| Reusing v Applebaum |
| 2026 NY Slip Op 50324(U) [88 Misc 3d 131(A)] |
| Decided on March 17, 2026 |
| Appellate Term, First Department |
| Published by New York State Law Reporting Bureau pursuant to Judiciary Law § 431. |
| This opinion is uncorrected and will not be published in the printed Official Reports. |
Respondent Susannah Applebaum appeals from an order of the Civil Court of the City of New York, New York County (Daniele Chinea, J.), entered September 8, 2025, which granted petitioner's motion to dismiss her affirmative defenses, for summary judgment of possession and for a money judgment in the principal sum of $11,622.24, and denied, as moot, respondent's cross-motion for discovery and to add the building owner as a necessary party, in a holdover summary proceeding.
Per Curiam.
Appeal from order (Daniele Chinea, J.), entered September 8, 2025, deemed an appeal from the ensuing final judgment (same court and Judge), entered on or about September 9, 2025, and so considered (see CPLR 5520 [c]), final judgment affirmed, with $25 costs.

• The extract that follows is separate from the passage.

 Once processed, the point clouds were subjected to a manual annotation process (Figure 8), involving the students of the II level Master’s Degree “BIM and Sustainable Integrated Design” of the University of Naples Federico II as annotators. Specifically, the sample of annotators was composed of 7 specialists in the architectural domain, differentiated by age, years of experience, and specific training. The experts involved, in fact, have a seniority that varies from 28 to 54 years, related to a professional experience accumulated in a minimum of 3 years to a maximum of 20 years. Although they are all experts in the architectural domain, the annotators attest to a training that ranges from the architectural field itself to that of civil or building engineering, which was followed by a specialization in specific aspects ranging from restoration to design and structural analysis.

We agree that respondent Applebaum failed to raise any triable issues of fact on her illusory tenancy defense. The record shows, and it is not disputed, that petitioner subleased his stabilized Manhattan apartment to respondent, a family friend, without permission of the nonparty landlord. Respondent was charged the legal rent, which she paid to petitioner; respondent was aware that her "presence in the apartment was in violation" of petitioner's lease with the landlord; respondent and her son used key cards in the name of others to access the building; and petitioner signed renewal leases during the course of the subtenancy.

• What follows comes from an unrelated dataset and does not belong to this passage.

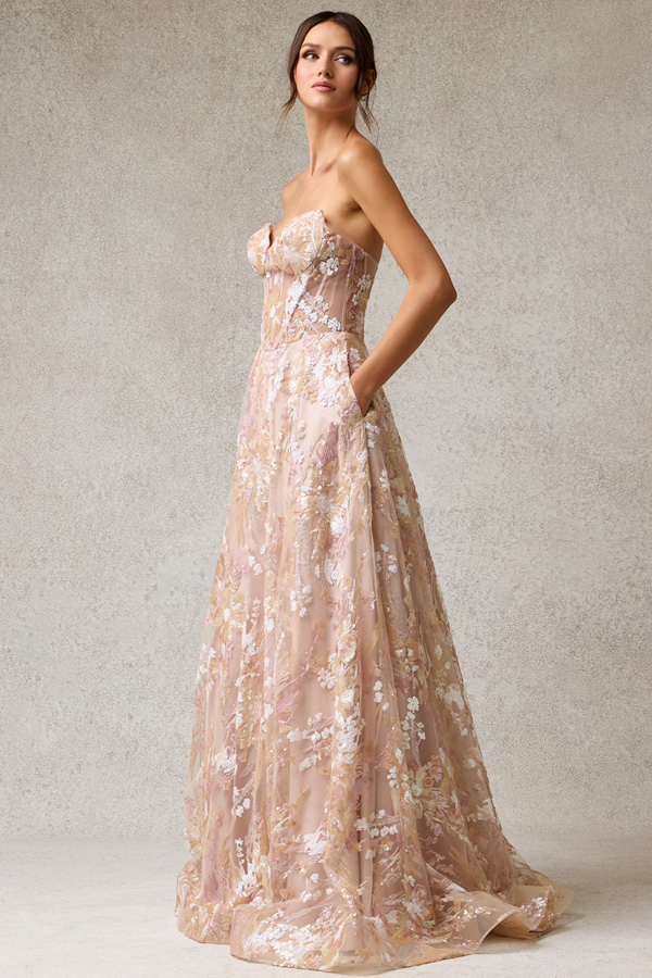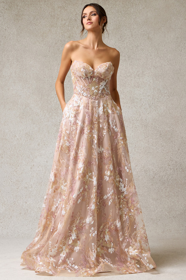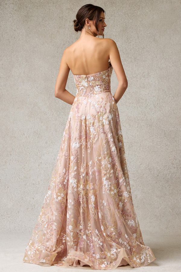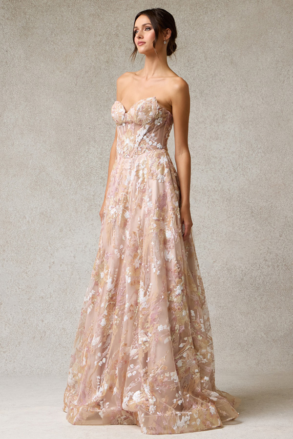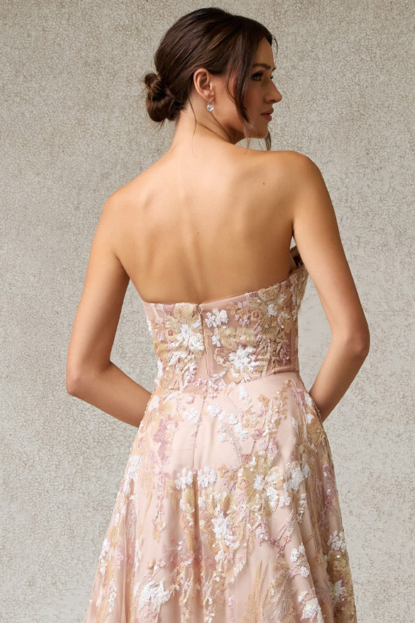 Embellished Strapless Sweetheart A Line Dress w/ Sequin Embroidery over Tulle.

On these facts, it cannot be inferred that petitioner "improperly profit[ed] by violating the rent regulations ... the hallmark of an illusory tenancy" (Primrose Mgt. Co. v Donahue, 253 AD2d 404, 405 [1998]). Significantly, petitioner did not engage in any profiteering, since it is not disputed that he sublet to respondent at the legal rent (see 333 E. 49th Partners, L.P. v Siebert, 23 Misc 3d 132[A], 2009 NY Slip Op 50680 [App Term, 1st Dept 2009]). It also is not disputed that respondent occupied the apartment and paid petitioner the legal rent for six years, and was then asked to leave in "late 2023," but did not leave. Respondent then met with petitioner in May 2024, at which time petitioner berated her for not leaving. In this context, respondent's [*2]unsubstantiated contention that petitioner enlisted a "mutual friend and acquaintance" to extort $10,000 from her in May 2024, as a condition for extending her time in the apartment, which she did not pay, is insufficient to raise any issue of fact as to whether petitioner profited from the arrangement.
Nor was any issue of fact raised as to whether landlord had any constructive knowledge of the subleasing arrangement (see Primrose v Donahoe, 253 AD2d at 405). Respondent knew the subleasing agreement was unauthorized, she paid rent directly to petitioner, who then paid landlord, she never notified landlord that petitioner vacated and that she was occupying the apartment, and she and her son used other people's key card to enter the building (see Square Block Assoc., Inc. v Fernandez, 29 Misc 3d 138[A], 2010 NY Slip Op 52040[U] [App Term, 1st Dept 2010]). Respondent's text messages to landlord requesting repairs did not identify her by name and are insufficient to raise any issue of fact concerning landlord's knowledge of the subleasing arrangement.
We have considered respondent's remaining contentions and find them unavailing.
THIS CONSTITUTES THE DECISION AND ORDER OF THE COURT.